When Melinease Hutchinson received the Hampton Roads Gazetti Exemplar Award for outstanding community service on March 2, the only question her friends and family needed to ask was: “What took them so long?”
Before Beyonce was independent, and Gloria Steinem gave birth to feminism, there was Melinease Hutchinson on the front line of community activism.
“I was ahead of my time,” she boasted, an obvious smile in her voice. “I fought for [my community] before it was popular for a woman to do it.”
Indeed, the Exemplar Award marked neither the beginning nor the end of her career as an activist in her community; rather, it simply marked a milestone in life-long service.
A strong foundation
The house without a foundation rarely weathers a storm.
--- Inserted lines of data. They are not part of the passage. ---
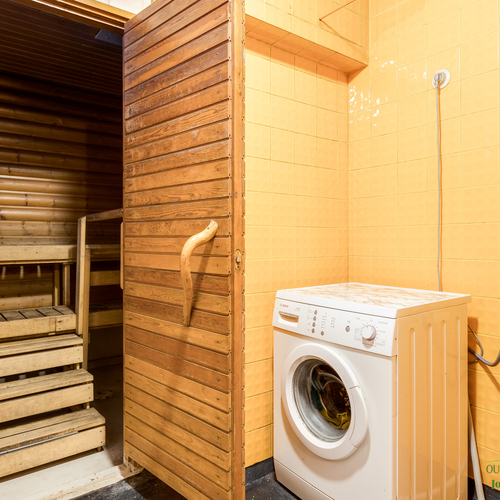 Lisäsiivessä takkahuone, sauna ja toinen kylpyhuone, jonne käynti ulkokautta. Tämä toimii samalla kodinhoitohuoneena.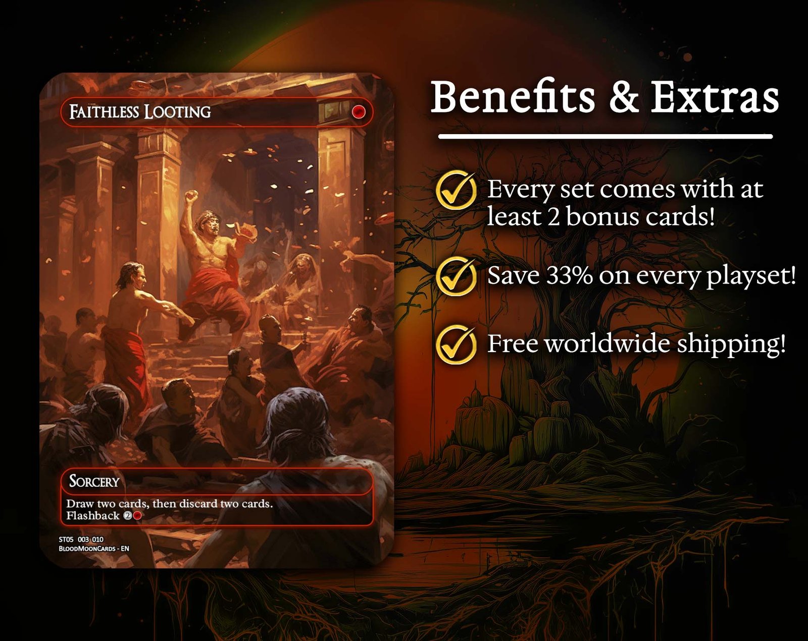A 12-card powerhouse collection of iconic red staples. From explosive ramp and efficient removal to game-ending combos, this set captures everything red brings to Commander — speed, chaos, and raw damage.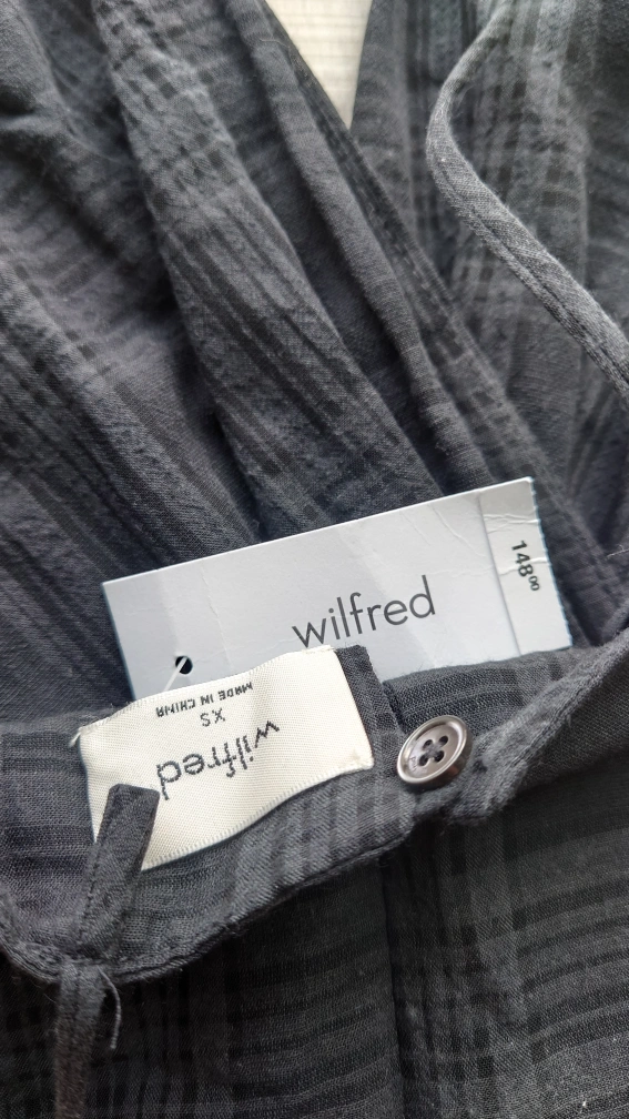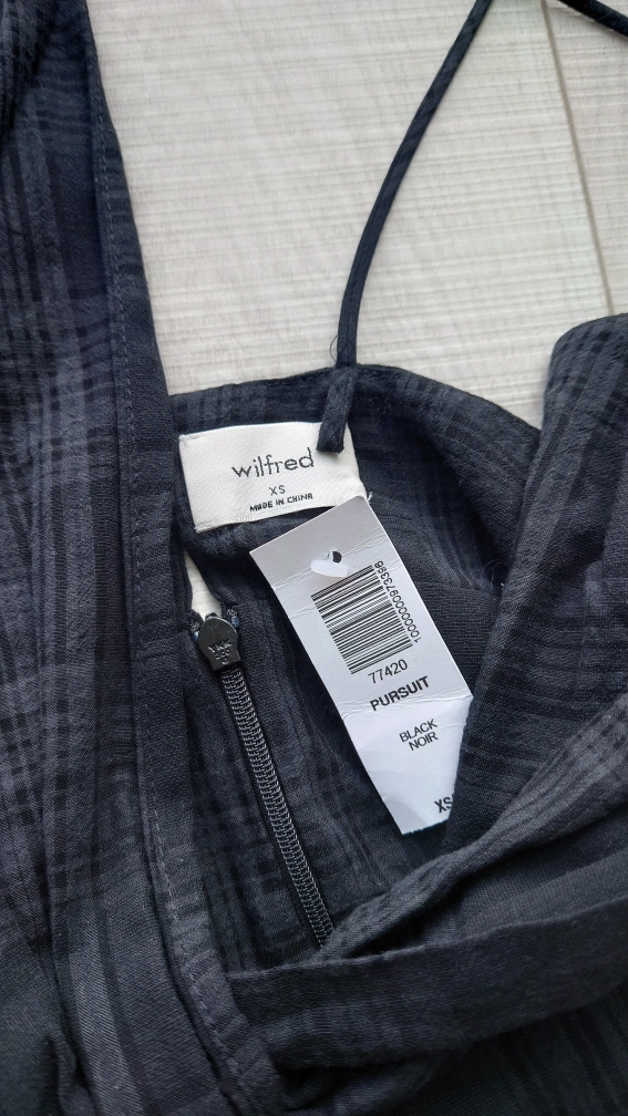 BNWT. Selling a Wilfred Pursuit in Black Noir, size XS. bought it and never worn. it's a long camisole that has a wrap design and is perfect for a night out or a casual day.

Melinease Hutchinson’s house is still standing 89 years later.
The second oldest of four, Melinease Hutchinson was born to the daughter of a Thomasville, GA P.K. (preacher’s kid) whose Methodist family moved as the church called her father to, landing them in Florida. Hutchinson spent early years there until a volatile family dispute erupted, causing her mother to move abruptly to New York with her aunt.
“It was like the Hatfields and the McCoys,” she laughed. “My mother said [Florida] wasn’t big enough for both of them.”
A fiery, sharp-tongued, “very stringent, very religious” woman who “didn’t take any nonsense” she raised both men and women single-handedly from that time on in Harlem.
Despite limited resources, “we never went hungry,” said Hutchinson. “Even when she got sick and could barely move around, when I got home from work, I always remember smelling something on the stove cooking.”
An avid learner, she exuded what she wanted her children to be: avid learners.
“When we would get our books from school, she would get those and read them, read magazines, the paper, anything she could get her hands on, she would read,” said Hutchinson.
She recalls her mother’s reaction to overhearing her saying with a friend that the money she was making at a summer job was so good that she didn’t need to go back to school in the fall.
“She said, ‘you think that piece of change means something,’” Hutchinson said. “She made me quit that job.”
And she sacrificed to make sure that education would be a reality.
“I wanted a pea coat,” Hutchinson said. “My mother took her winter coat, cut it down, and made me a pea coat.
“I remember seeing her that winter wear her spring jacket,” she recalled. “She would layer it. Underneath she would put on a sweater, maybe with a hole in the elbow or something, then another sweater, then her spring jacket.”
Later, Hutchinson realized that sacrifice when she was able to purchase her first house.
“It was over there where she used to clean houses,” Hutchinson recalled, “and I cried because I thought I wished I could have brought my mother here.”
“I don’t ever remember not being politically active,” Hutchinson said. “My mother was actively and politically involved. At that time it was the progressive republican movement. I was what they called a Young Progressive Republican until the crazies, the real conservatives, came in. We helped elect Eisenhower.”
She became aware of her own vested interest in community politics when she began working with a church member: civil rights activist and NAACP board member Channing H. Tobias, who would be appointed to President Harry Truman’s Civil Rights Committee.
Her first major campaign endeavor was for New York congressman Adam Clayton Powell. Since then, she’s volunteered for Jimmy Carter, New York mayor John Lindsay, and Freedom Rider Percy Sutton.
Hutchinson’s granddaughter, Shanease Dickey, whose community service, she admits, is an inherited trait, offered that she had even been the plaintiff in an NAACP lawsuit years ago.
“I got the paperwork from my aunt,” she said. “when I read it, I was just like, ‘wow’. She really has always been involved.”
Today, she serves on the board of the NAACP, with local politicians such as Norfolk sheriff Bob McCabe and Virginia representative Bobby Scott and in various roles for her church.
Can’t stop, won’t stop
Putting the reason why she is still, now, active in her community into words is hard. The answer involves memories, stories, losses.
Long story short: She remembers.
She remembers the sacrifices of others.
“Somebody struggled and pushed and went to the mat for this,” she stated. “People like Fannie Lou Hammer.”
She recalled witnessing pictures of the people who had come before her like Hammer, whom she said was beaten badly, but never relented.
“That’s why I never give up.”
No end for her service is in sight. And now it is more important than ever.
“It took us 300 years to get this stuff,” she said of civil rights, “and in [the last] 25 years they’re dismantling it.”
To Melinease Hutchinson, community work is not optional, it is a duty, an honor we owe those who came before us.
“She’ll never stop,” added Dickey. “She can’t. It’s in her to do this.”
And at the end of the day, “We need to make a difference,” said Hutchinson. “I think I can still make that difference.”